On March 13, 1863, a second version of the Kearny Medal was established as a "Cross of Valor" for enlisted personnel. The new medal, known as the Kearny Cross, was awarded to any Union soldier who had displayed meritorious, heroic, or distinguished acts in the face of an enemy force.

By 1865, both the Kearny Medal and the Kearny Cross were commonly referred to as the Kearny Cross. Since the decorations were issued by local commanders, the medals remained unofficial awards and were not issued after the close of the Civil War. Nevertheless, the Kearny Cross and Medal are regarded as one of the oldest military decorations of the United States Army, second only to the Badge of Military Merit and the Fidelity Medallion.

==Women awarded the cross==
General David Birney awarded the award to Anna Etheridge, a nurse and vivandiere born on May 3, 1839 (or 1844). Also known as "Gentle Annie", she received the award for her bravery.

Marie Tepe, (1834-1901) also known as "French Mary", a famous vivandiere of the Civil War, was one of at least three women who served during the battle of Gettysburg, the other well documented example being a currently unidentifiable woman, whose body was found amongst the many Confederate dead after Pickett's Charge.

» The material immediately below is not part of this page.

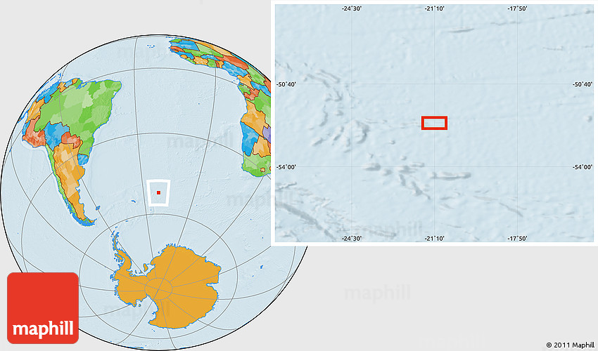 Maphill is a collection of map images. This image combines a political map with the globe centered on the area around 52° 14' 43" S, 21° 10' 29" W. Use the buttons under the image to switch to different map types.

While serving under the 114th Pennsylvania Volunteers, also known as the Collis' Zouaves d'Afrique, she received the award for being wounded in the ankle. She was in 13 battles, and carried a .44 caliber pistol.

Charlotte Elizabeth McKay received the Kearney Cross from the officers of the 17th Maine Volunteer Infantry Regiment, whom she had cared for after the Battle of Chancellorsville.